Detects affected entities On incremental runs, it limits processing to only those primary keys that changed since the last timestamp.
Builds validity ranges Using LEAD(), the macro determines the row_valid_to timestamp — when the next change occurred for the same entity.
Handles deletions gracefully Since deleted rows often contain no meaningful business data, pure delete events are excluded. The final table will reflect that an entity’s history ended at the deletion timestamp, without storing an empty record.
Flags active records The most recent record for each entity is marked with is_active = true.

Example result

id	name	row_valid_from	row_valid_to	cdc_operation	is_active
1	Alice	2022-01-01	2022-06-01	I	false
1	Alice	2022-06-01	2023-01-01	U	false

After Alice’s deletion event, the final record simply ends at 2023-01-01, and no delete row is kept — reflecting that she was removed but without introducing an empty record.

Now you can easily query her historical state:

select *
from {{ ref('dim_person') }}
where '2022-07-01' between row_valid_from and coalesce(row_valid_to, '9999-12-31')
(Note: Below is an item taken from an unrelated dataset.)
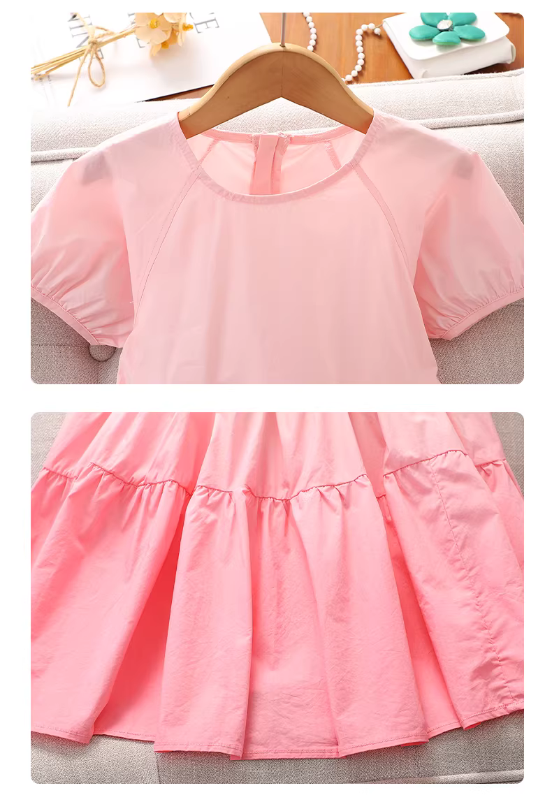 - Váy ngắn tay phối màu mùa hè cho bé gái, váy mùa hè 2025, váy cotton trẻ em mới, váy công chúa thời trang cho bé gái

CDC tells us what changed — SCD2 tells us what was true and when. By transforming CDC streams into Type 2 Slowly Changing Dimensions in dbt, we gain a reliable and queryable history of our data.

Maintains complete validity periods
Excludes deletion events that carry no content
Enables time-based and point-in-time analytics
Integrates seamlessly into incremental dbt models

The sdp_cdc_to_type2 macro brings clarity, structure, and efficiency to CDC-driven data pipelines — turning streams of change into meaningful analytical history.